March 25, 2006
Ack! Can it be my birthday again? I swear, I'm going to fire my calendar. It keeps advancing far too fast for my taste.
The good news is, I've put this time to good use. There is now a hardcover edition of The Chemy Called Al, with a rewritten Classroom Guide on the way. (Everything had to be completely redone. Argh!)
In other news, it's Spring... well, almost. Here in Virginia we had 80 degree weather in January and 20s in March. This is simply unacceptable. Who's up there playing with the weather switch? You're fired, too! Join the calendar in the unemployment line.
At any rate, I think I can safely put my plants outside now. I've been raising seedlings since mid-February, eagerly watering and spraying and doting on the tiny green sprouts. It's funny how sprouts are so much like stories: you toss a handful of seeds down and watch as some grow only to wither and die off. A scarce few actually blossom. So far I haven't had much fruit.
...See, this is what happens when you go three days without sleep: you write terrible analogies and sappy stories. Let this be a lesson to you, O Reader! Don't type while not in your right mind!
(Of course, if I followed that rule, I'd never touch a keyboard again.)
October 17, 2005
Another year has gone by, filled with flowers, squash, and drought in
that order.
Between the Japanese beetles, disease, and lack of rain, my garden
didn't produce that much--but I did get squash of many varieties.
For the first time ever, this year I have actual pumpkins.
There's something oddly satisfying about decorating your porch
with pumpkins you grew by yourself. (Now, if only I can figure out
how to prepare and puree them for pies!)
The days seem to have flown by faster this year than any year-to-date.
My older relatives tell me time does that; the older you get, the
shorter the days seem.

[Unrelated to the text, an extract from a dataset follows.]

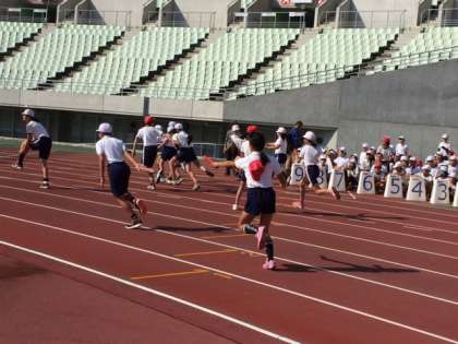 100m走が終わって、400mリレーです。大和田頑張ります。

I think it's a very nasty trick, myself.
Someone ought to have a stern talk with old Father Time.
As the weather turns cooler, my thoughts turn to woodsmoke and
the crackle of flames filling my home. (Too bad I don't have
a fireplace! --Just kidding. I'm not
that bad of a chef!)
I haven't been working on any new projects, lately. I've been very tired, and distracted by gardening. (Curse those Japanese beetles!) Hopefully this winter while I'm shut-in
from the cold, I will pick up my trusty pen--or keyboard,
as the case may be--and get back to work.

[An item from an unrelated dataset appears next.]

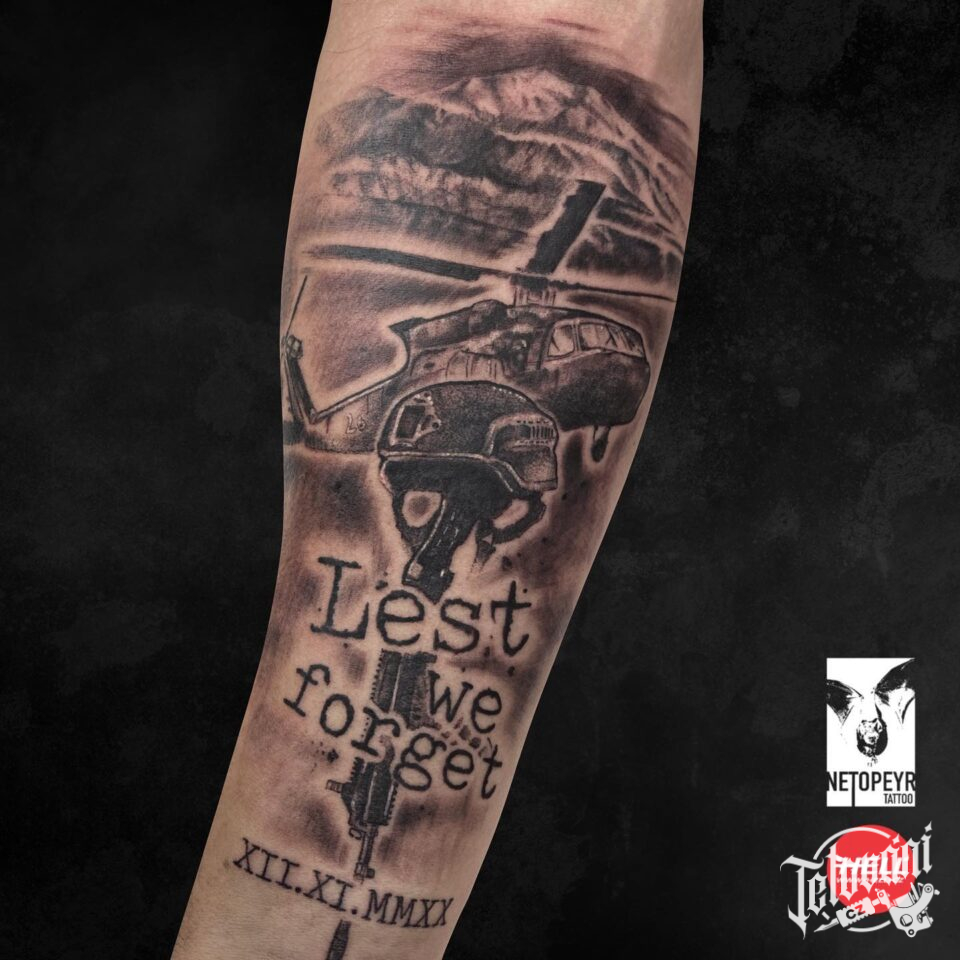 Tetování vrtulník, hory, nápisy, písmena, čísla na předloktí

That's all for now. Thanks for reading, and take care!
August 7, 2004
There's good news for you diehard fans out there!
The Chemy Called Al will very soon be back in print.

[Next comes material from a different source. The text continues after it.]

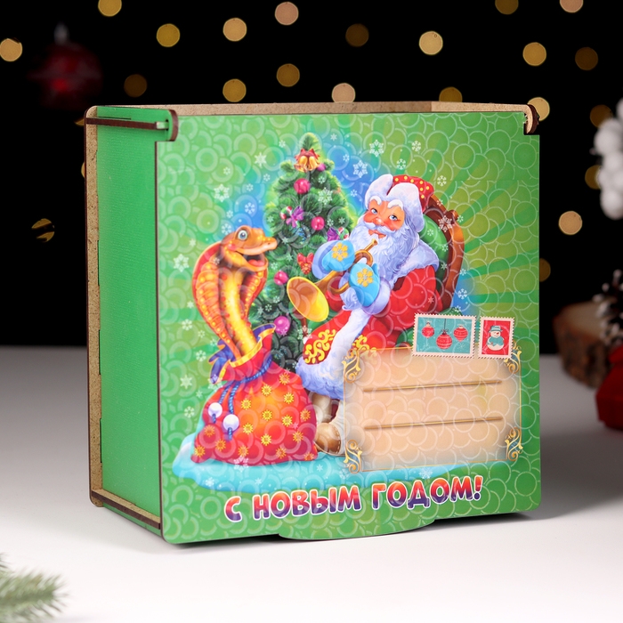 Коробка подарочная "Символ года 2025.С новым годом" 18,5х18х10 см,зеленая

This decision follows much thought and soul-searching
(a process much like easter-egg hunting, except without the pretty colors).
Chemy was originally written to be the sequel to
A Gebra Named Al, but you don't have to
read one to understand the other. Each stands by itself and has
a separate story-line, with a few characters in common.
Chemy will be back in print on
Friday, August 13, 2004.
You will soon be able to order it
HERE.
(A fact especially handy for any triskaidekaphobic* fans.)
* - triskaidekaphobia: a really long word invented for high school spelling tests,
created from letters cut randomly out of a Greek textbook. (I'm kidding. Don't write that down.
It's actually a fear of the number 13, particularly Friday the 13th.)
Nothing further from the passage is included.